1. A data integration method comprising:

accessing, by a computer, first data and second data;

extracting information that is an integration target from the first data and generating a first table;

extracting information that is an integration target from the second data and generating a second table;

generating at least one change set by performing comparison between the first table and the second table using at least one Structured Query Language (SQL) query including a set operation; and

applying the generated at least one change set to the second data.

2. The data integration method of claim 1, wherein the generating of the at least one change set comprises generating at least one of an addition change set, a deletion change set, and an update change set from data of the first table and the second table by executing at least one SQL including a set operation.

3. The data integration method of claim 1, wherein the generating of the at least one change set comprises:

generating a first change set to be added to the second data by subtracting the data of the second table from the data of the first table;

generating a second change set to be deleted from the second data by subtracting the data of the first table from the data of the second table; and

generating a third change set to be modified in the second data by extracting a record in which key values of the first table and the second table are equal but values of other fields are not equal.

4. The data integration method of claim 1, further comprising generating the at least one SQL query for generating the at least one change set with reference to a mapping structure of the first table and the second table.

5. A data integration system comprising:

a communication unit for accessing first data and/or second data;

a relational database; and

a controller for integrating the first data and the second data using the relational database,

wherein the controller extracts information that is a target of integration from the first data and the second data to generate a first table and a second table, respectively, generates at least one change set by performing comparison between the first table and the second table using at least one Structure Query Language (SQL) query including a set operation, and applies the generated at least one change set to the second data.

6. The data integration system of claim 5, wherein the controller generates at least one of an addition change set, a deletion change set, and an update change set from data of the first table and the second table by executing at least one SQL including a set operation.

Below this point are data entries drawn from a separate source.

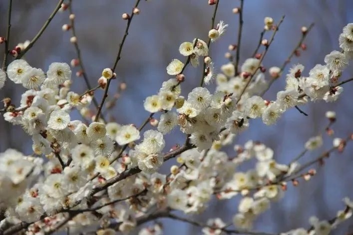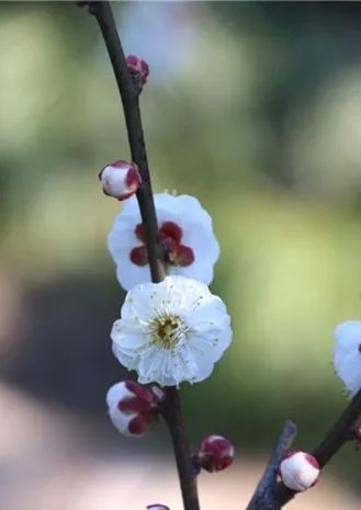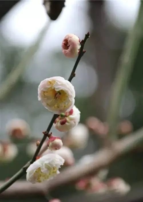 观赏特征:花径:1.5~2.8cm;花蕾:扁圆形,中心有孔,略暗淡紫桃红色,个别柱头外露。花色:正面淡紫,反面淡紫至略浓之紫,全花着色不匀。雄蕊:2~4,台阁状花心:常有台阁(梅花中把雌蕊变异成的小花称为台阁)。
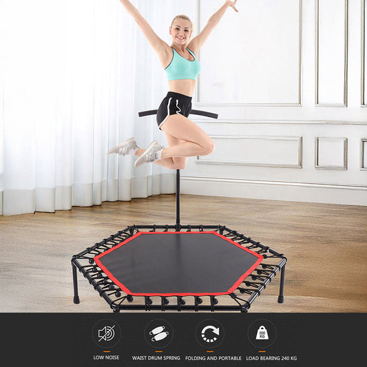 Durable Hexagonal Fitness Trampoline with Adjustable Handle – Ideal for Fun and Safe Home Workouts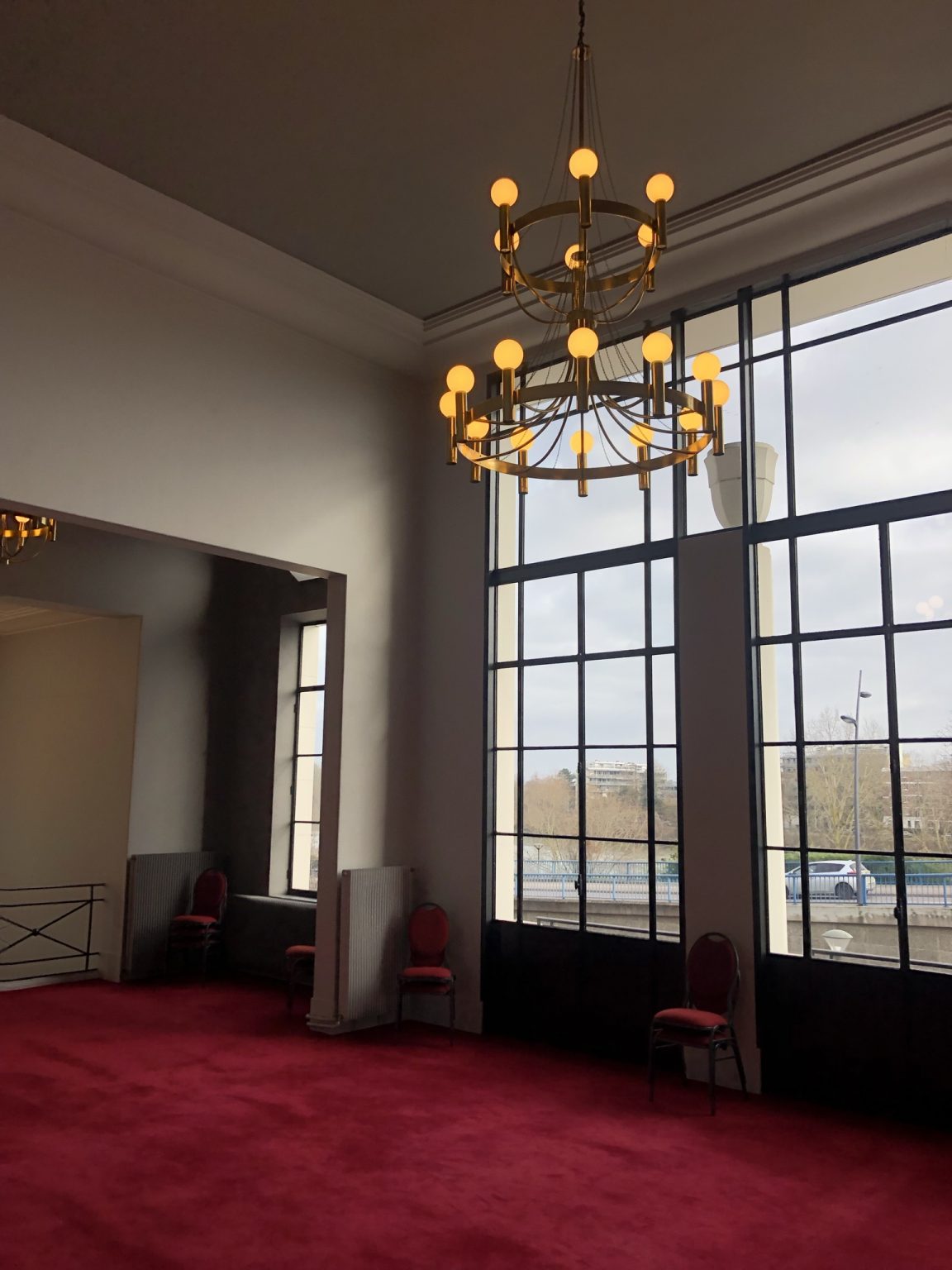 La salle du “Quai 3” au Pecq illustre le meilleur des salles des fêtes créées durant les années 30 dans le style paquebot.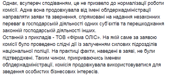 Он утверждает, что комиссия продолжала от имени облгосадминистрации направлять заявления и обращения, направленные на предоставление незаконных преимуществ в хозяйственной деятельности одних субъектов и препятствование законной хозяйственной деятельности других.
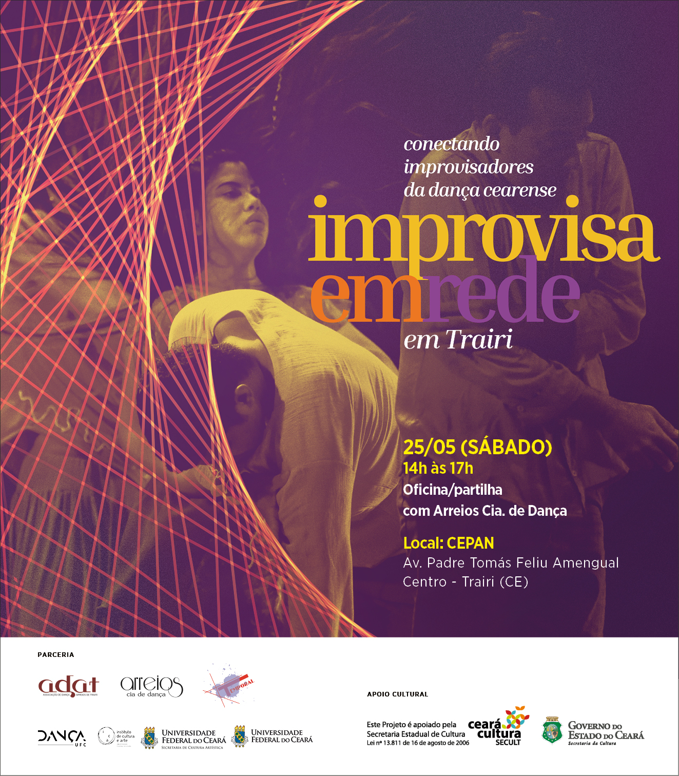 CONEXÃO – Apoiada pela Secretaria da Cultura do Estado do Ceará (SECULT), via XI Edital de Incentivo às Artes, a plataforma Improvisa em Rede busca desenvolver elos entre improvisadores da dança cearense. O projeto já passou pelas cidades de Sobral e Itapipoca. A primeira fase de atividades será encerrada em Fortaleza.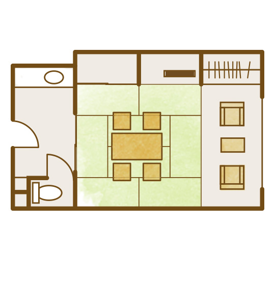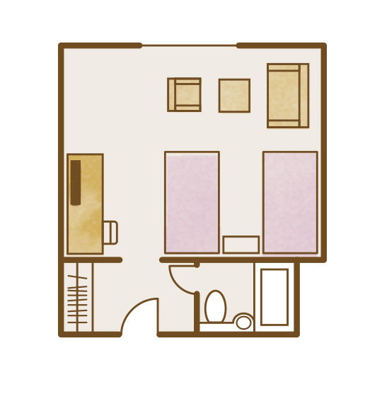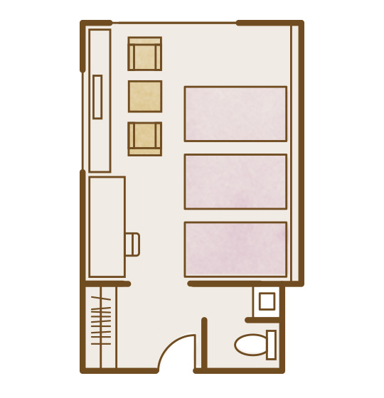 間取りは4種類のバリエーションがございますが、どのタイプかは宿にお任せ下さい。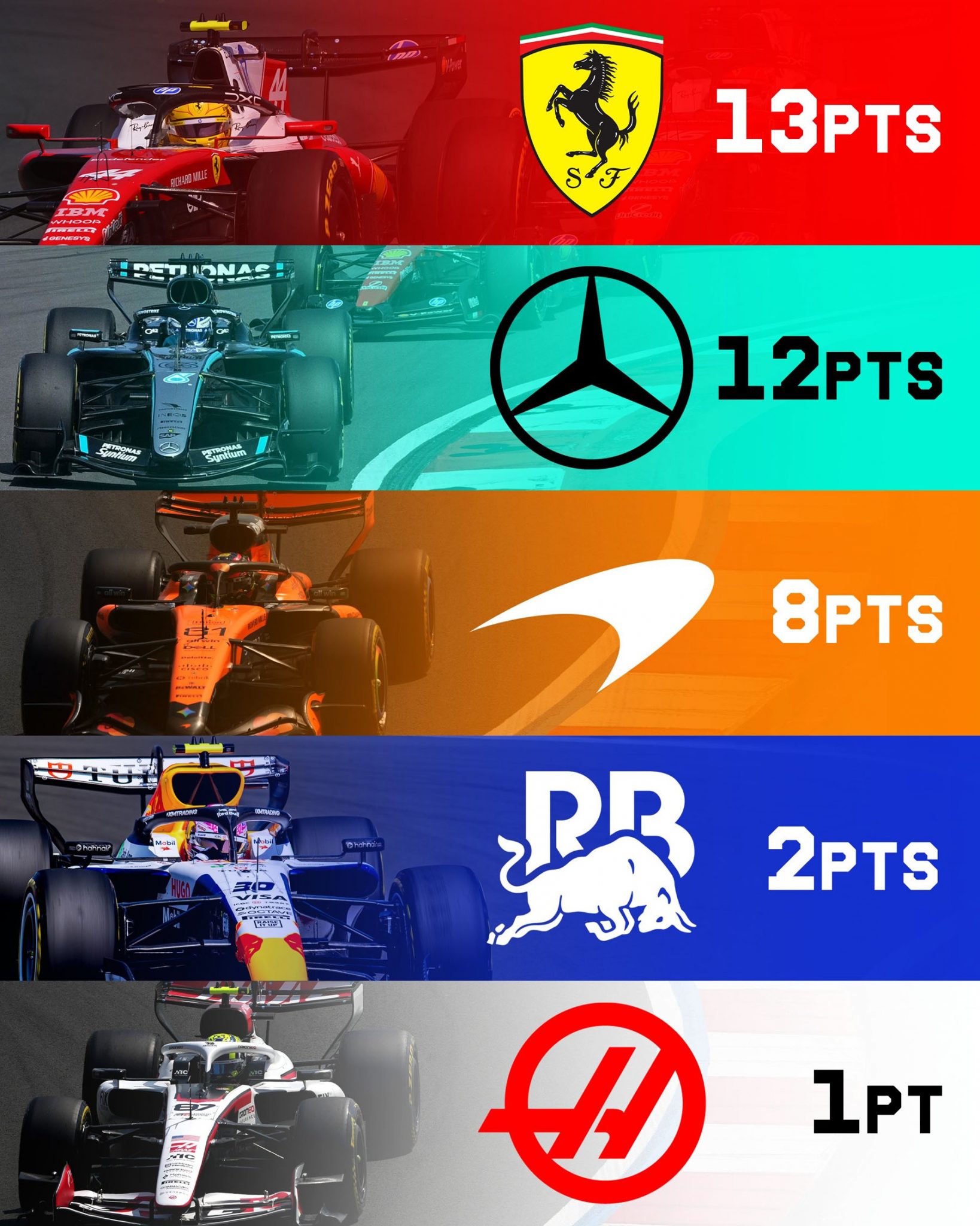 Πιο πίσω, ο Liam Lawson και ο Oliver Bearman επέλεξαν να μην μπουν στα pits και εκμεταλλεύτηκαν τη στρατηγική για να μπουν στη ζώνη βαθμών. Ο Max Verstappen, αντίθετα, είχε πολύ κακή εκκίνηση και βρέθηκε στο τέλος της κατάταξης, καταφέρνοντας να ανακάμψει μέχρι την ένατη θέση αλλά χωρίς να πάρει βαθμούς.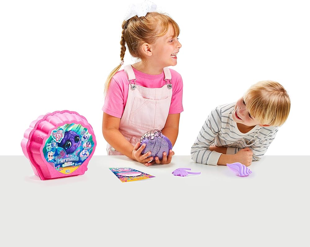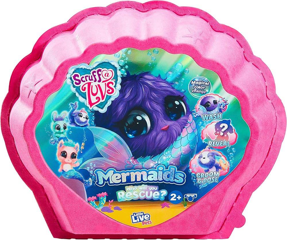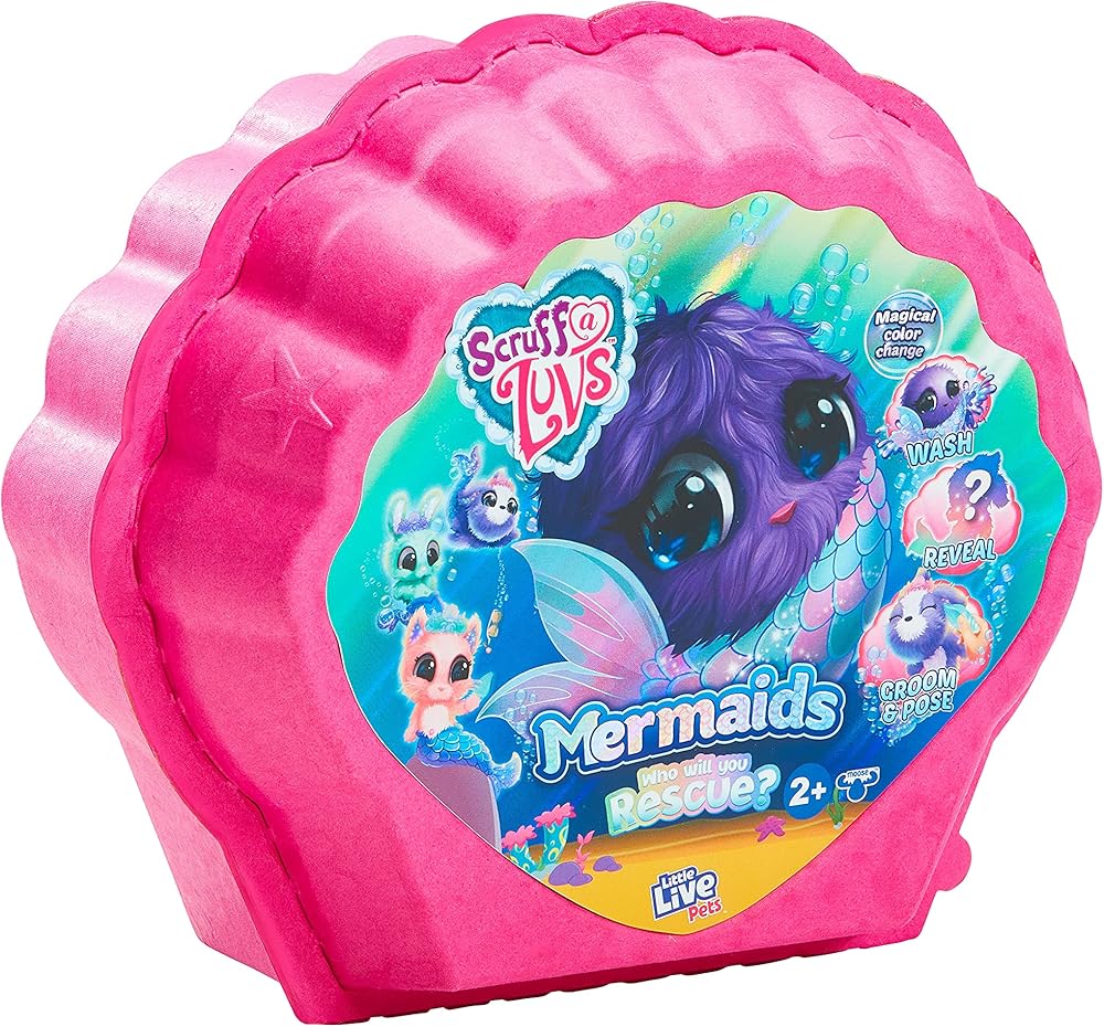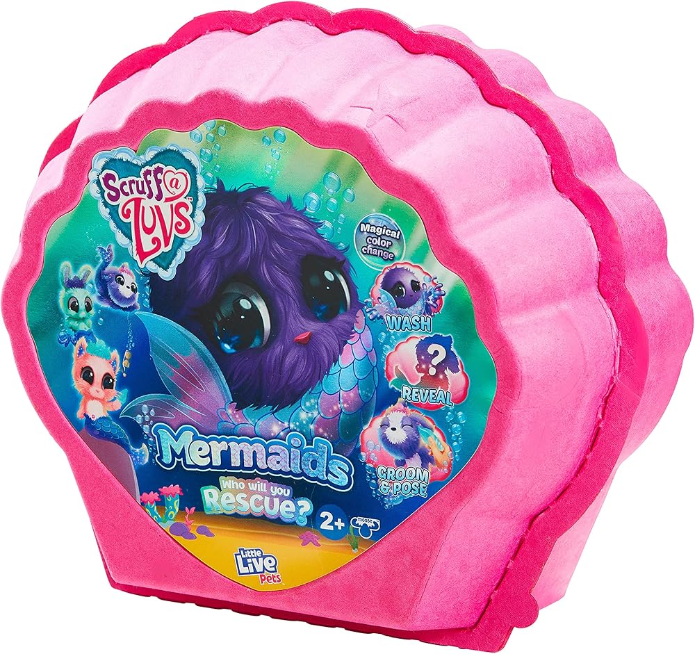 أكثر حوريات البحر روعة في انتظارك لإنقاذهم. تم التخلي عن حورية البحر سكراف-ايه-لوفز وأخذت مأوى داخل صدفة البطلينوس. إنهم بحاجة إلى مساعدتك لإنقاذهم والعناية بهم. يوجد داخل الصندوق حيوان أليف حورية البحر غامض ينتظر إنقاذه! من ستنقذ؟ هل لديك كلب حورية البحر أو قطة حورية البحر أو أرنب حورية البحر؟ يصل حيوانك الأليف على شكل حورية البحر ككرة حزينة من الفرو غير اللامع، ولكن بمجرد أن تستحمه سيتغير لونه بطريقة سحرية! بمجرد تجفيفها، قم بتمشيطها وحبها وستكتشف أي نوع من الحيوانات الأليفة هي حقًا! كل حورية البحر سكراف-ايه-لوف لها ذيل لامع جميل وجوهرة لعبة لامعة في زر البطن! استخدم الملحقات لجعلها تبدو رائعة. ضع تاجهم على رأسهم واستخدم مشطه الخاص على شكل صدفة لتصفيف حيوانك الأليف الجديد. ذيل حورية البحر الخاص بك قابل لاتخاذ الوضعيات أيضًا حتى تتمكن من وضعه بعد جلسة العناية به وجعلها تبدو مميزة للغاية! تأتي كل دمية حورية البحر سكراف-ايه-لوف مع شهادة تبني لك لملئها وجعلها خاصة بك! مع الحب والرعاية، ستكون هذه الحيوانات الأليفة السحرية تحت الماء هي صديقك المفروش للأبد!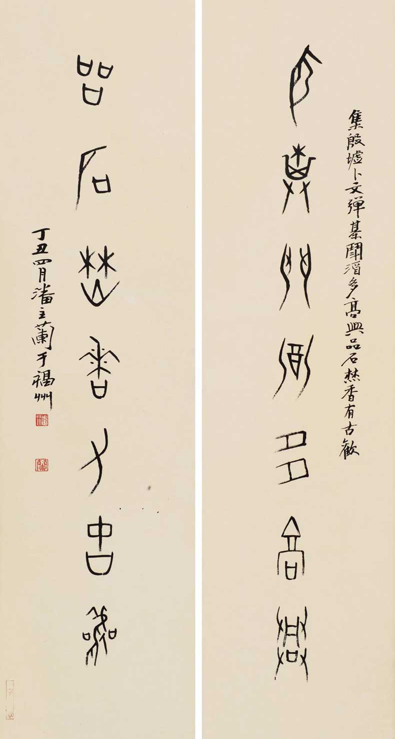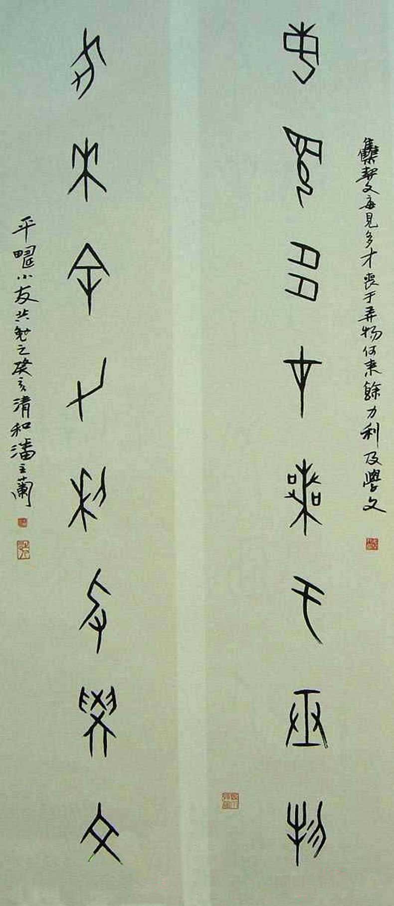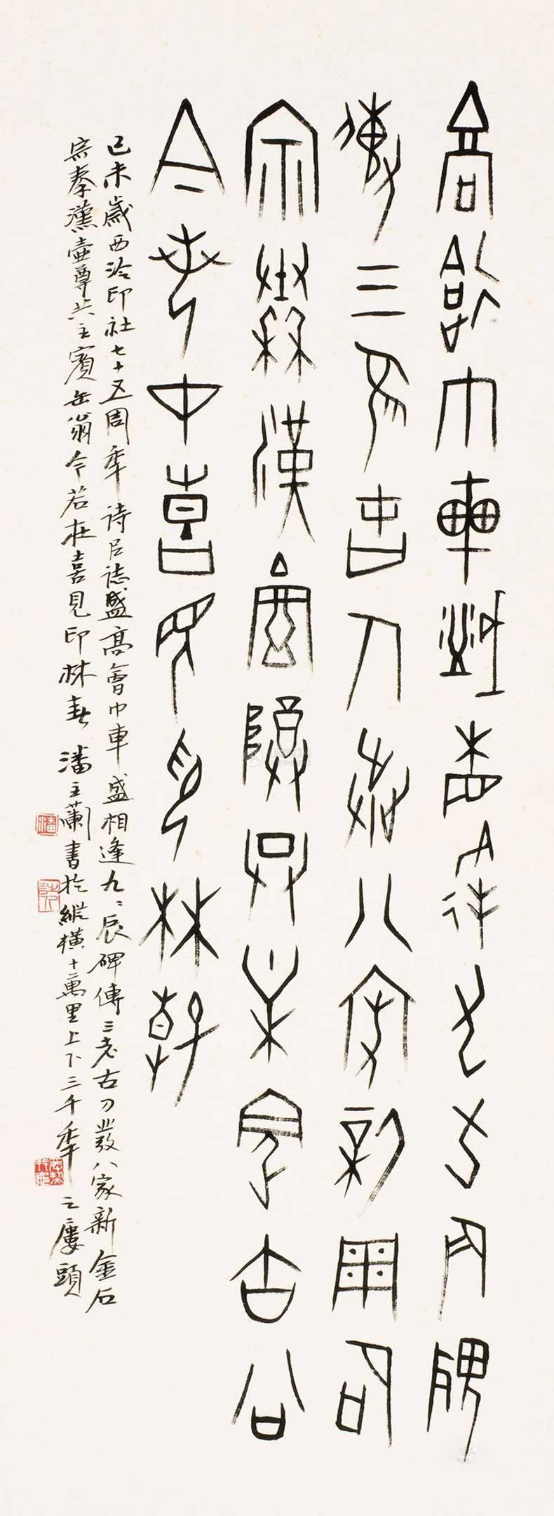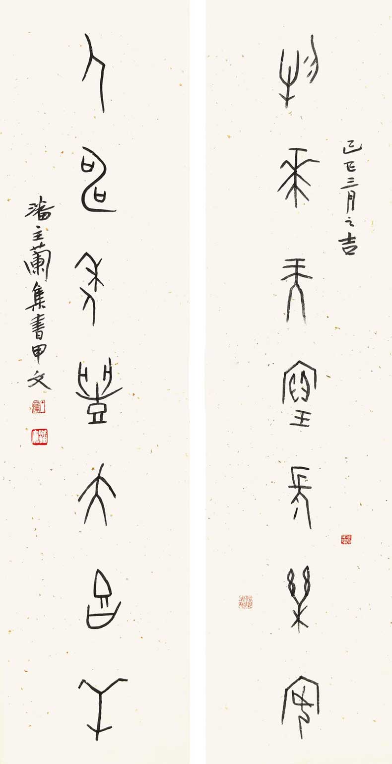 潘主兰先生在诗书画印、文字学以及寿山石文化等方面均有极高成就,潘主兰先生毕生致力于甲骨文字的研究,创作了大量的甲骨文书法作品,其运笔如刀,典雅高古,造诣湛深。印风浑古浑逸,作兰竹山水格调淡雅,惨淡中见平易,自成一格。

7. The data integration system of claim 5, wherein the controller generates a first change set to be added to the second data by subtracting data of the second table from data of the first table, generates a second change set to be deleted from the second data by subtracting the data of the first table from the data of the second table, and generates a third change set to be modified in the second data by extracting a record in which key values of the first table and the second table are equal but values of other fields are not equal.

8. The data integration system of claim 5, wherein the controller automatically generates the at least one SQL query for generating the at least one change set with reference to a mapping structure of the first table and the second table.

9. The data integration system of claim 5, implemented inside a source data system storing the first data or a target data system storing the second data, or implemented in a separate system.